GOAL OF THE EXERCISE:
In the data below, locate the line containing "大马气象局(MET Mala" and the line containing "六花は、花立・灯立・香立・ス", then retype both and everything between them exactly. Pictures are not part of the copy.

DATA TO USE:
##############################

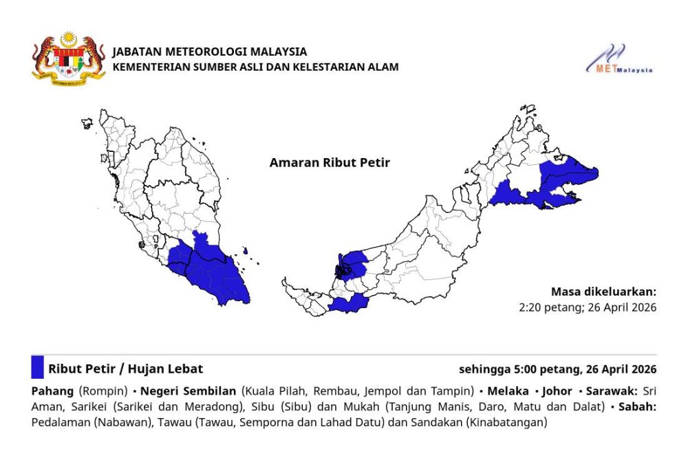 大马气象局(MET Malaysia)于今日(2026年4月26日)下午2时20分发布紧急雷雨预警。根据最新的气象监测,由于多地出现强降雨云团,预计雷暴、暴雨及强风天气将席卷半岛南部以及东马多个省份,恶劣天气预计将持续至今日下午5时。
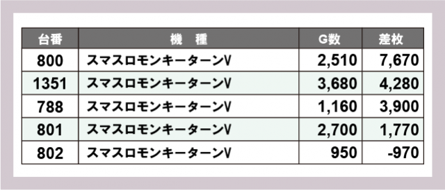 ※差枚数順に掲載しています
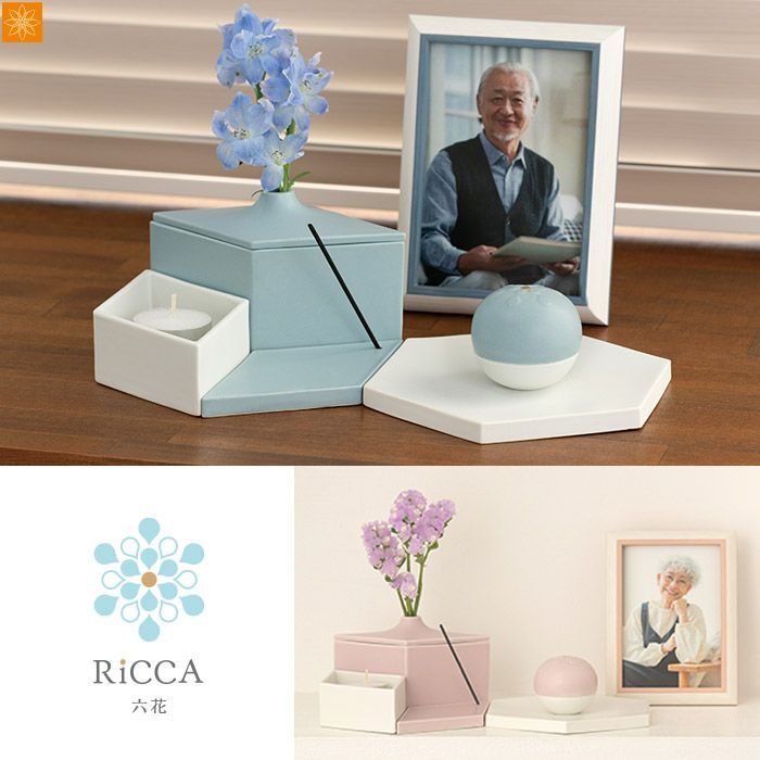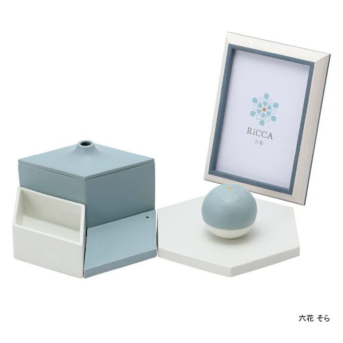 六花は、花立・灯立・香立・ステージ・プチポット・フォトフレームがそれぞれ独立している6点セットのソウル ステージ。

##############################

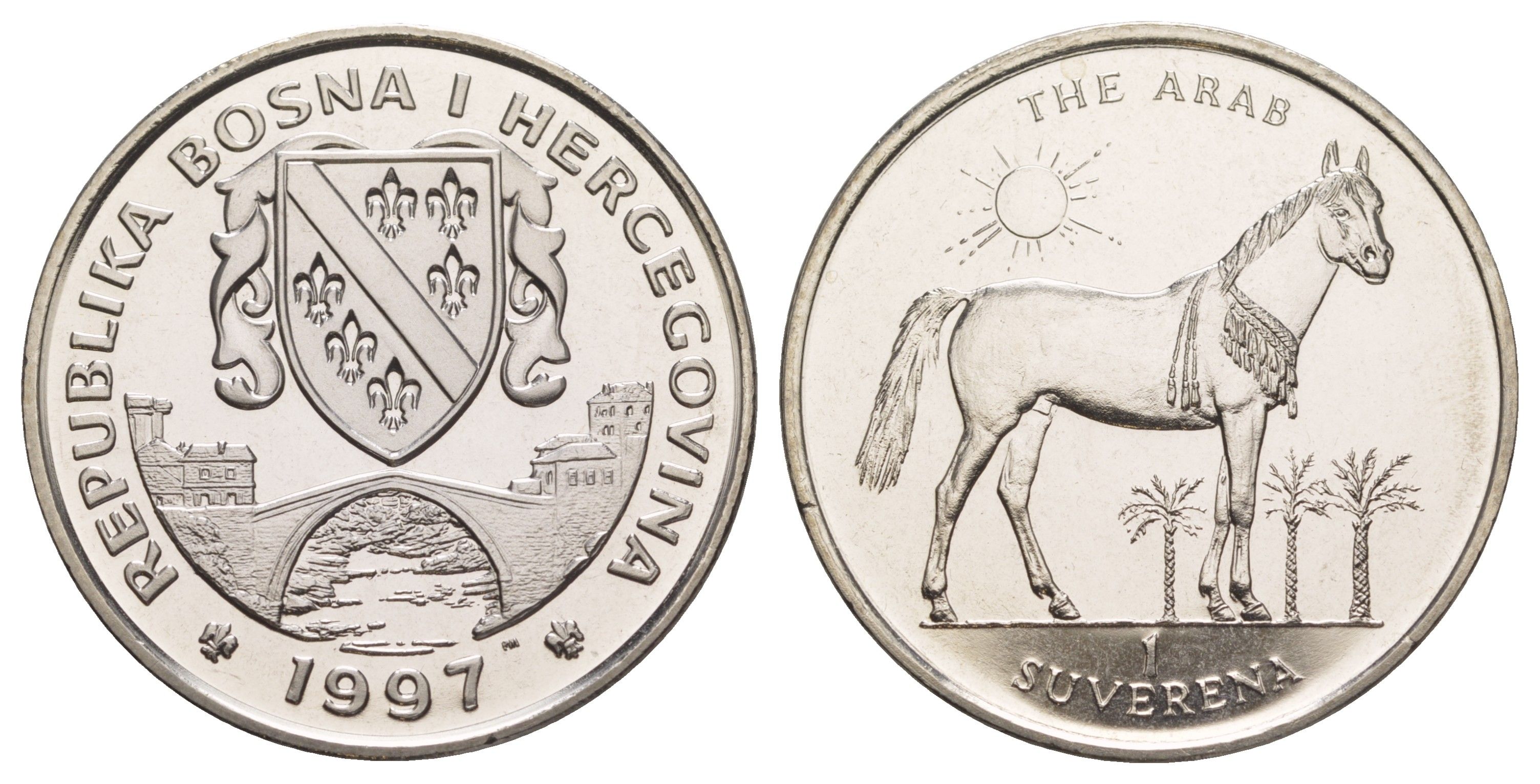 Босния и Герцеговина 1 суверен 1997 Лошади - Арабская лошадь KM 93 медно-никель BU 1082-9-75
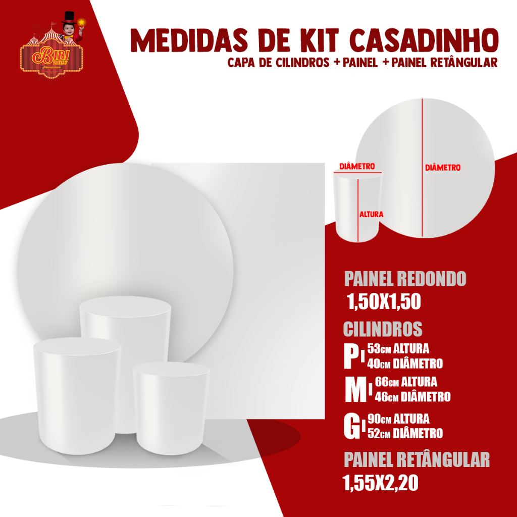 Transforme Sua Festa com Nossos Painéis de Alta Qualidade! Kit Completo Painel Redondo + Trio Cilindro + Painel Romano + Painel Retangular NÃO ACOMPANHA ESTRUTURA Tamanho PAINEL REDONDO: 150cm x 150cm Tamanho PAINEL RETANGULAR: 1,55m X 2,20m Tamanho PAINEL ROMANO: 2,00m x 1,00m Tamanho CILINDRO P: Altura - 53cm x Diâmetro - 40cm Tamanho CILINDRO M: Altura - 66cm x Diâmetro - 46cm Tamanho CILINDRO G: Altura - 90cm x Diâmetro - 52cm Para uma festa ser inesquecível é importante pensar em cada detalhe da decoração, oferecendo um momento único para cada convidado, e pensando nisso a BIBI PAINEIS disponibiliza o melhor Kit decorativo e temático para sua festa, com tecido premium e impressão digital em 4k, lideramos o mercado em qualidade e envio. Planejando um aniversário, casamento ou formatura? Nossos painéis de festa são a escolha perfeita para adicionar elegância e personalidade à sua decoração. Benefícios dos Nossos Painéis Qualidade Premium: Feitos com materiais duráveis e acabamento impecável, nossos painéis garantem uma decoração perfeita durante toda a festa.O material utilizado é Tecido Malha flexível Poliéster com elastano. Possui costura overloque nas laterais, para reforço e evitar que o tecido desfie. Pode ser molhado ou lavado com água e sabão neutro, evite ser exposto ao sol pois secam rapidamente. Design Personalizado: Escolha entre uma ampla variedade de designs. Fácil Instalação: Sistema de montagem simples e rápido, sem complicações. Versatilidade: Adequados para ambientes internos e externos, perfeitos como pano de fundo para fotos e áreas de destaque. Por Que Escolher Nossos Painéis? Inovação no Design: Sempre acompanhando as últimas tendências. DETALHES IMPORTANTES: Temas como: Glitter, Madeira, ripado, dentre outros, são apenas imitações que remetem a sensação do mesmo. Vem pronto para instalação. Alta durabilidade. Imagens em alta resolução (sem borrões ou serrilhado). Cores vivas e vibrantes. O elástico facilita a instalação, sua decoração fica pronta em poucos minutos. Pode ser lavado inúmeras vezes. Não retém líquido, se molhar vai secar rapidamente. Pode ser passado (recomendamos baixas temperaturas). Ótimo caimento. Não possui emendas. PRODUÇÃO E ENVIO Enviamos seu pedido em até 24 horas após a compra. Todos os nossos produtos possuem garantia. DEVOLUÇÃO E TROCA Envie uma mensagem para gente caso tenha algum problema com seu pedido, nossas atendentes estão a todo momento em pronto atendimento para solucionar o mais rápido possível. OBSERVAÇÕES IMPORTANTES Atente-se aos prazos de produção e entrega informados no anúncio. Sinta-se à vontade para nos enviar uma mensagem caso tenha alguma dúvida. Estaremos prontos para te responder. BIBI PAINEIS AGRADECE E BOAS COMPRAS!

##############################

THE ANSWER:
 大马气象局(MET Malaysia)于今日(2026年4月26日)下午2时20分发布紧急雷雨预警。根据最新的气象监测,由于多地出现强降雨云团,预计雷暴、暴雨及强风天气将席卷半岛南部以及东马多个省份,恶劣天气预计将持续至今日下午5时。
 ※差枚数順に掲載しています
 六花は、花立・灯立・香立・ステージ・プチポット・フォトフレームがそれぞれ独立している6点セットのソウル ステージ。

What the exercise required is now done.